Autoimmunity in patients with inborn errors of immunity: A case series

Abstract

ObjectiveTo assess the prevalence of systemic and organ-specific autoimmunity among individuals with human inborn errors of immunity (IEI). MethodsRetrospective study. We recorded demographic variables, type of immunodeficiency, and systemic and organ specific autoimmunity. ResultsWe included 48 patients (54.1% men) with mean age of 32.1 years. The most common IEIs included combined immunodeficiency with syndromic features (31.2%) and predominantly antibody deficiency (20.1%). We observed autoimmunity in 15 patients (31.2%): 12 organ-specific autoimmunity and 5 systemic autoimmunity, not mutually exclusive groups.

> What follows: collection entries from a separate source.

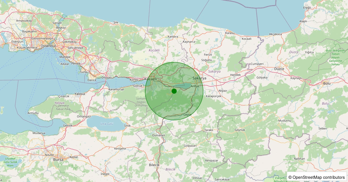 Son 7 gün içinde Sapanca - Kurtköy-Dibektaş noktasından 100 km yarıçap içerisinde meydana gelen diğer depremler:
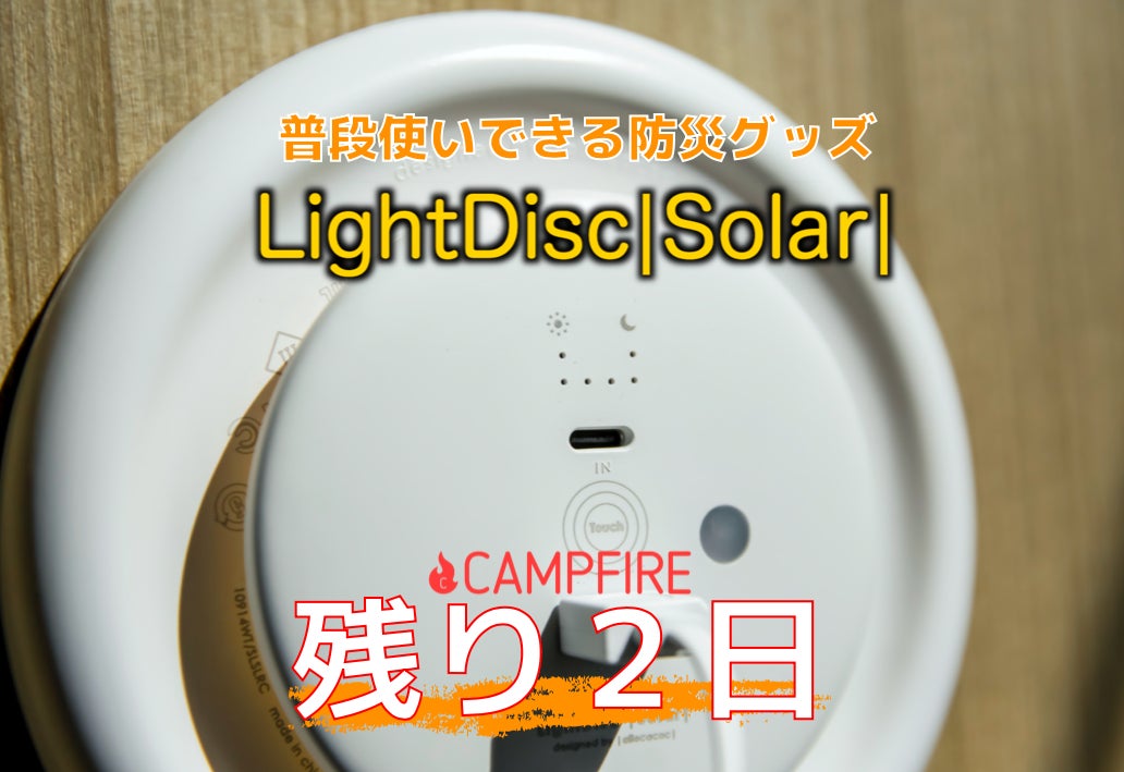 『あったらいいなをカタチにする。』たくさんのサポーターのみなさまから、『こんな充電器があったらいいなと思っていました。』というお声をいただいています。Light Discとの出会いは、海外の展示会でした。どちらかというと、たくさんの注目を集めている商品ではなかったですが、見た瞬間に災害が多い国、日本にはこの商品が絶対に必要だと確信しました。そこから様々な改良を加え、現在のLight Disc Solarのかたちが完成しました。防災を普段の生活に取り入れることの大切さ、スマホの充電を切らさないことが災害時には重要であること、明かりを探すことからはじまる避難は危険と隣り合わせだということ、意識くても普段から対策できる防災グッズの重要性、電源がいらないどこでも使えるエコな充電器、充電がいつでもMAXであることの安心感、たくさんのあったらいいなをカタチにしたのが【Light Disc Solar】です。そんな想いが、たくさんのサポーターのみなさまに届くことが大変嬉しいです。残り1日、迷っている方は、ぜひ一度CAMPFIREで詳しくご覧くださいませ。https://camp-fire.jp/projects/view/445816
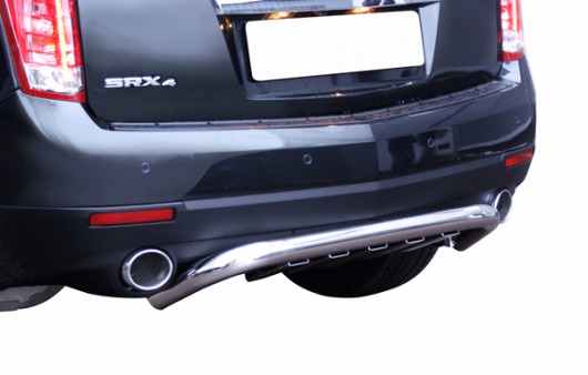 Труба на задний бампер Cadillac SRX защищает задний бампер автомобиля от различных механических повреждений при столкновениях на дороге и неудачных парковках. А кроме этого, защита заднего бампера для Кадиллак SRX — это дополнительная деталь тюнинга.
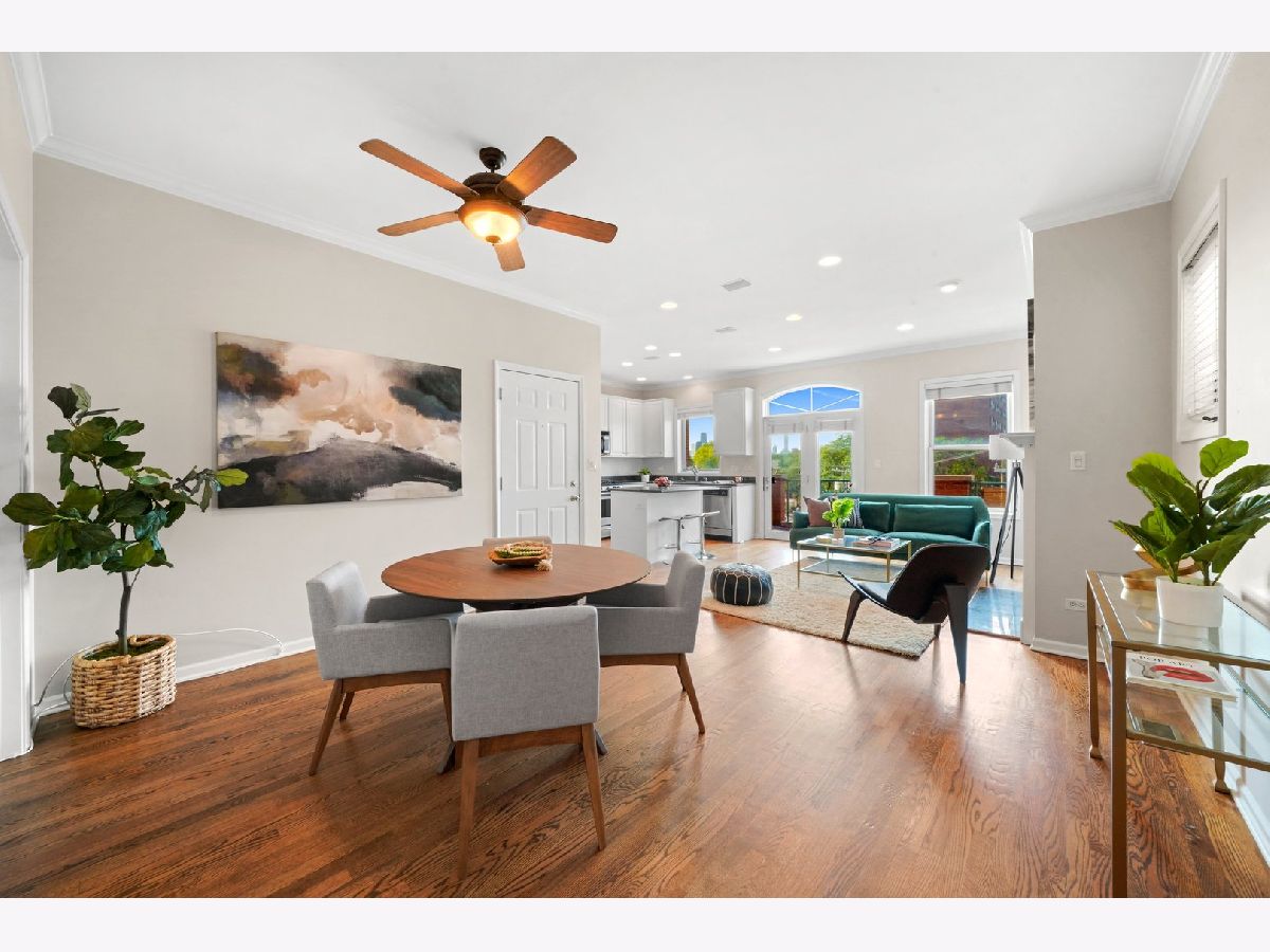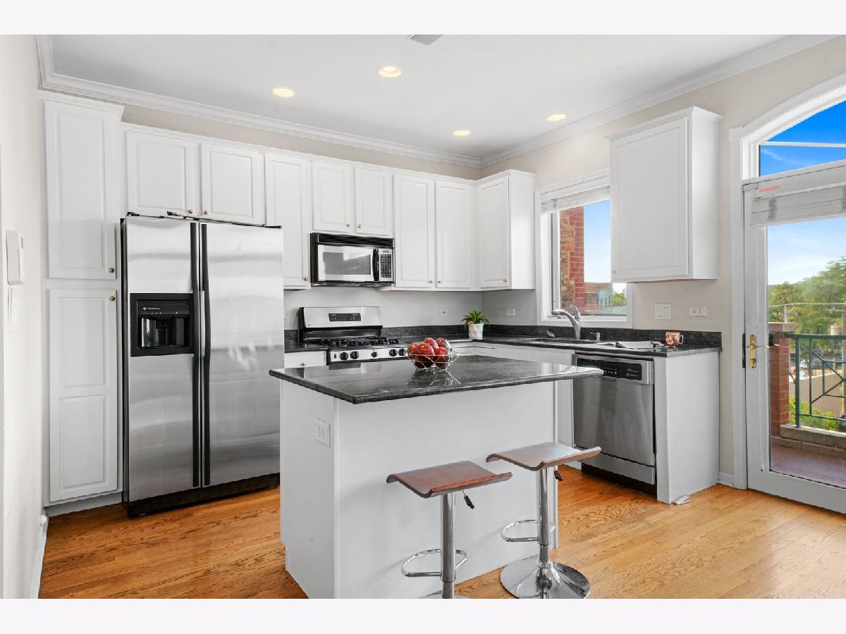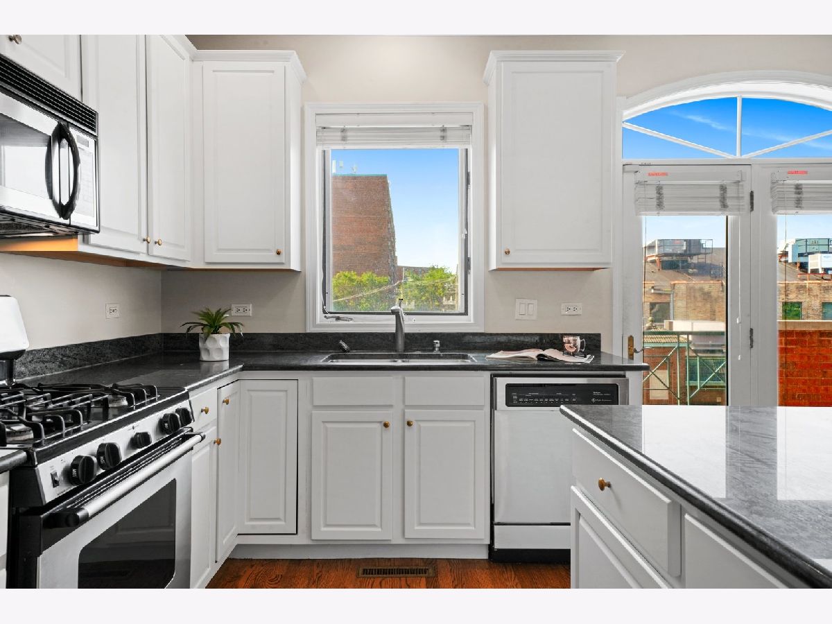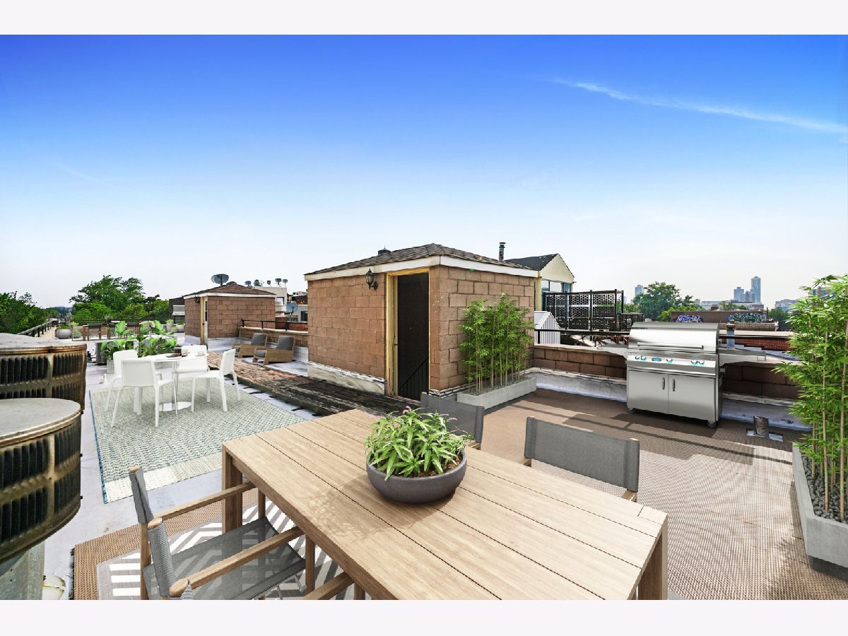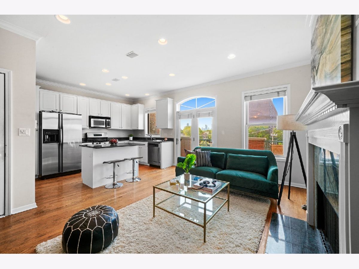 Super bright, impeccably maintained Lincoln Park penthouse- 3 bedroom/ 2 bath with 3 outdoor spaces including a private, rooftop deck. White cabinetry, granite countertops, stainless steel appliances with breakfast bar. The kitchen opens to a separate dining area and large living room with fireplace and front terrace spanning the entire width of the condo. The primary bath includes a dual vanity with separate shower and soaking tub. 3 private outdoor spaces including front terrace, private deck off the primary bedroom, and a top floor, private rooftop deck with incredible skyline views [new tile decking over a brand new roof in 2020]! Additional private storage in building; in-unit washer/ dryer and 3-car parking including 1 attached garage and 2 back-to-back outdoor spaces [tandem]. This condo is steps to everything that Lincoln Park and Lakeview offer: from public transportation a block away, restaurants, shops, Trader Joes, and Depaul University.
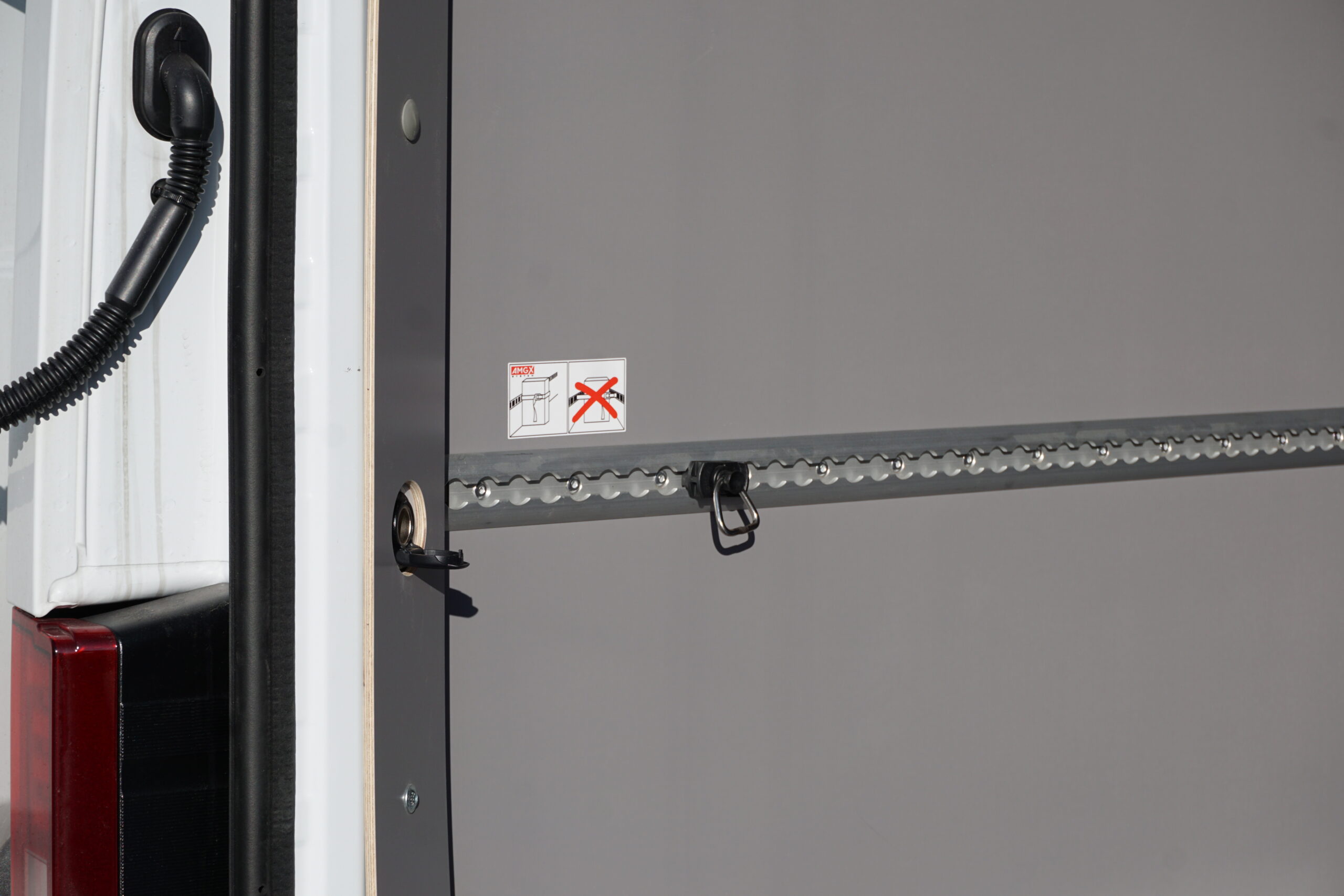 Ściana grodziowa została zamontowana na systemie listew AIRLINE, co umożliwia jej przesuwanie. Regulacja odbywa się za pomocą śrub z plastikowymi pokrętłami, które dają możliwość szybkiego i wygodnego dostosowanie przestrzeni ładunkowej.
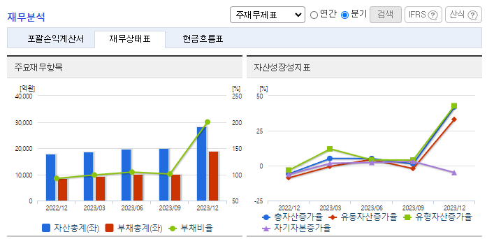 -2023년 9월 전년동기 대비 연결기준 매출액은 19.3% 증가, 영업이익은 121.2% 증가, 당기순이익은 613.6% 증가. 동사는 현재 해상풍력타워 발전기 건설에서 독보적인 경쟁력을 자랑하는 기업으로 꼽히며, ESG 열풍에 힘입어 매출액이 20% 가까이 증가했음. 2023년 7월 'Bladt Industries' 인수 결정을 통해 글로벌 해상풍력 하부구조물 시장에 진출함.
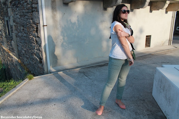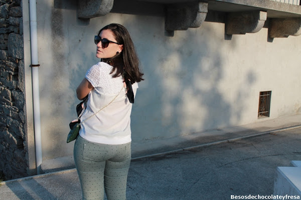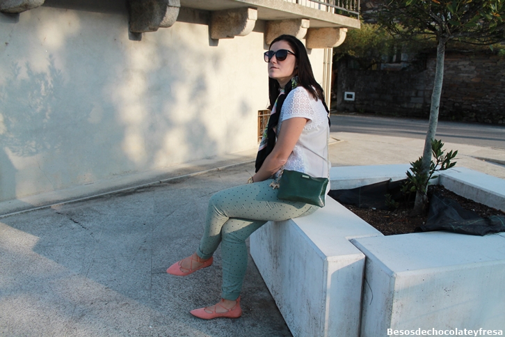 Hoy os muestro un look atrevido en colores verde, coral y blanco. Llevo camiseta troquelada en blanco de manga corta con jeans de topos en verde y como complementos lace-up en coral en contraste con el resto de colores, bolso en verde y chaqueta milita.

Organ-specific autoimmunity preceded the onset of IEI in 5 patients, was concurrent in one patient, and developed after the diagnosis of IEI in 6 cases. From the systemic autoimmunity group, we observed polyarteritis nodosa (n = 2), antiphospholipid syndrome (APS) (n = 2), and overlap of limited systemic sclerosis/APS/Sjögren's syndrome (n = 1), and in all cases, this occurred after the IEI diagnosis. ConclusionOur findings confirm the coexistence of autoimmunity and IEI. This overlap may be attributed to B and T cell disorders, as well as potential alterations in the microbiota in these patients.